Generated by DeepSeek V3.2| Sultanate of Dompu | |
|---|---|
| Conventional long name | Sultanate of Dompu |
| Native name | Kesultanan Dompu |
| Common name | Dompu |
| Status | Vassal state of the Dutch East India Company (VOC), Part of the Dutch East Indies |
| Year start | c. 1545 |
| Year end | 1958 |
| Event end | Formally integrated into the Republic of Indonesia |
| P1 | Kingdom of Dompu |
| S1 | Indonesia |
| Capital | Dompu |
| Common languages | Dompu, Malay |
| Religion | Islam (official) |
| Government type | Monarchy |
| Title leader | Sultan |
| Leader1 | Sultan Syamsuddin (first historically recorded) |
| Year leader1 | fl. 17th century |
| Leader2 | Sultan Muhammad Sirajuddin (last ruling sultan) |
| Year leader2 | 1935–1958 |
Sultanate of Dompu The Sultanate of Dompu was a traditional Islamic kingdom located on the island of Sumbawa in present-day Indonesia. It emerged as a significant polity in the Lesser Sunda Islands and became a notable component of the Dutch East Indies colonial administration. Its history is characterized by early independence, subsequent integration into the Dutch colonial empire, and its role within the intricate network of indigenous states managed by the Dutch East India Company (VOC) and later the Dutch colonial government.

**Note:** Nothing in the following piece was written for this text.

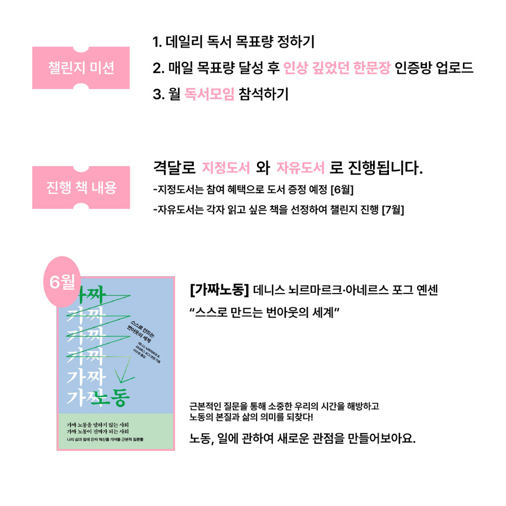 2024년 독서챌린지동아리 "체크인(책in)" 6-7월 참여자를 모집합니다.

The origins of the Sultanate of Dompu are intertwined with the broader historical currents of the Indonesian archipelago. It is believed to have evolved from an earlier Hindu-influenced kingdom, with Islam becoming firmly established by the 17th century, influenced by proselytization from neighboring Gowa in South Sulawesi. The kingdom's foundation myth connects it to the legendary figure of Sang Bima, a common cultural ancestor in the Bima-Dompu region. Early European records, notably from the Portuguese and later the VOC, first mention Dompu as a pepper-producing realm engaged in regional trade. Its strategic location on Sumbawa placed it in competition and occasional conflict with its more powerful neighbor, the Sultanate of Bima.

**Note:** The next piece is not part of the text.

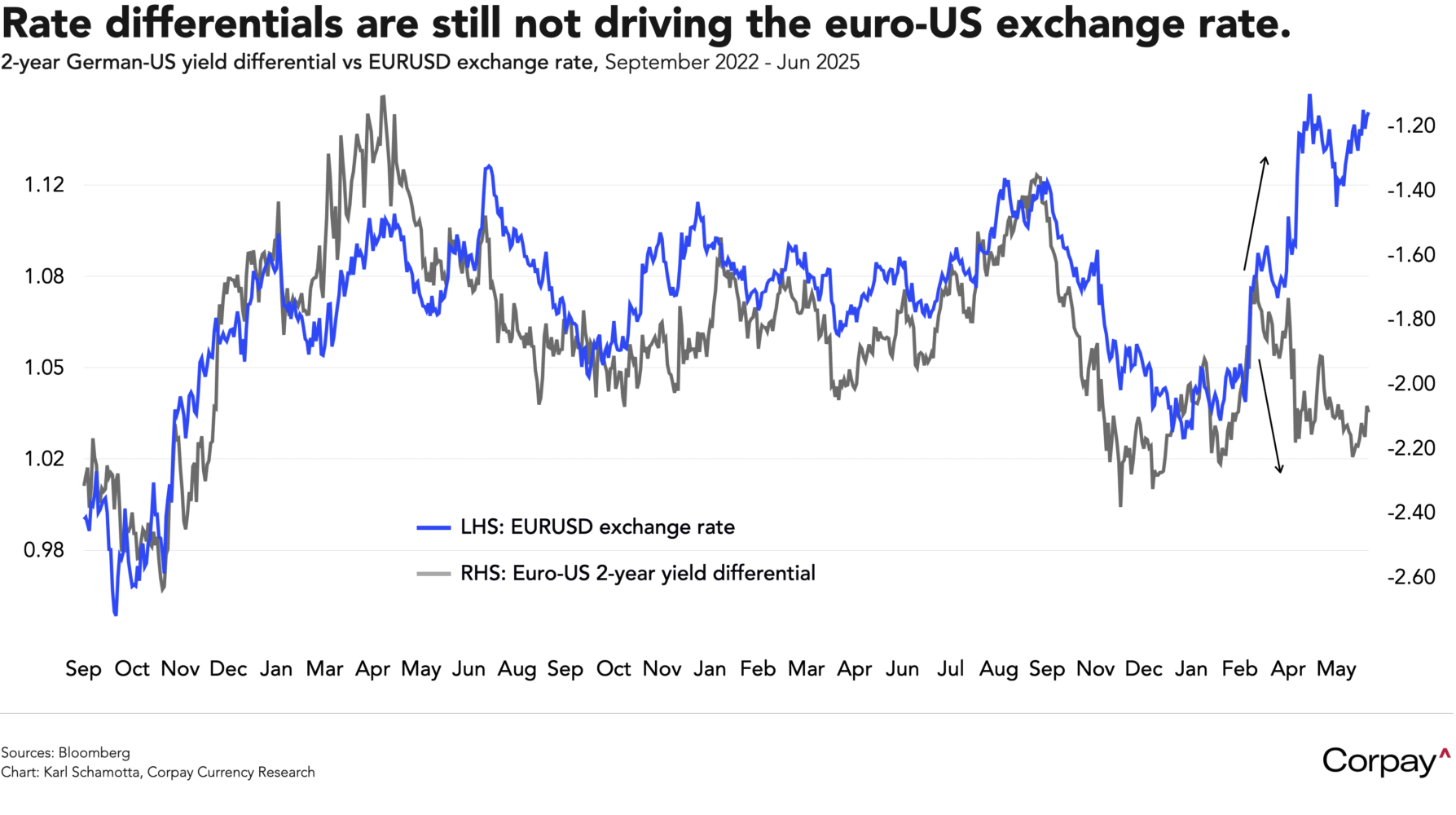 Policy settings have played an increasingly marginal role in influencing the euro’s direction in the last three months. Instead, optimism surrounding Germany’s fiscal stimulus plans, a sharp downgrade in views on the US economy, and a slower-moving reallocation away from American capital markets have driven the common currency to a 10-percent gain this year. We have reservations – mostly derived from what US Treasury Secretary Scott Bessent likes to call Europe’s “collective action problem” – but markets are overwhelmingly bullish on the currency, with the difference between one-month and one-year risk reversals pointing to a sustained advance in the year ahead.

The political structure of Dompu was a classic example of an Indonesian kerajaan (kingdom), centered on the absolute authority of the Sultan. The Sultan was advised by a council of nobles and religious leaders, known as the Raja Bicara and ''Imam, who managed day-to-day administration and Islamic law. Succession generally followed patrilineal principles, though disputes were common and often required external arbitration. The stability of the throne was crucial for maintaining internal order and for the kingdom's dealings with external powers. This traditional structure, with its emphasis on hereditary rule and feudal obligations, would later be co-opted and formalized by the Dutch colonial government through the use of Korte Verklaring (Short Declaration) contracts, which made the Sultan a vassal while preserving his ceremonial and internal administrative role.
Dompu's integration into the Dutch colonial system was a gradual process, culminating in the 19th century. Following the defeat of the Sultanate of Bima and the fallout from the catastrophic 1815 eruption of Mount Tambora, which devastated Sumbawa, Dutch influence increased substantially. The colonial administration, seeking to impose order and secure economic benefits, formalized its relationship with Dompu through political contracts. These agreements obligated the Sultan to provide corvée labor, uphold Dutch monopoly policies, and forego independent foreign relations. In return, the Dutch provided military protection and recognized the Sultan's authority over domestic affairs, a policy of indirect rule designed to ensure stability and minimize administrative costs. Dompu thus became a Zelfbesturende landschappen (self-governing territory) within the Residency of Timor and Dependencies.
Under Dutch suzerainty, the Sultanate of Dompu's economy was reoriented to serve colonial interests. The region was known for its production of sappanwood and sandalwood, valuable commodities in the Asian trade network. The Dutch enforced cultivation and delivery systems, turning local agriculture toward cash crops. Furthermore, the fertile plains of Dompu were used for rice cultivation to help provision other Dutch holdings. The colonial system extracted wealth through tributes and trade monopolies, limiting the Sultanate's own economic development and tying its prosperity directly to the demands of the Dutch East Indies administration. This economic integration reinforced political dependence and transformed traditional subsistence patterns.
Colonial rule brought subtle but significant changes to cultural and religious life in Dompu. Islam remained the cornerstone of social identity and the Sultan's legitimacy, and the Dutch generally avoided direct interference in religious matters to prevent unrest. However, the presence of Dutch officials and the incorporation of Dompu into a wider colonial entity introduced new administrative practices, legal codes, and educational influences. The traditional adat (customary law) continued to operate alongside Dutch-imposed regulations. While the core of Dompu's Malay-Islamic culture was preserved, its elite increasingly engaged with broader colonial society, adopting certain elements of Western education and administrative style, which created a hybrid cultural layer among the ruling class.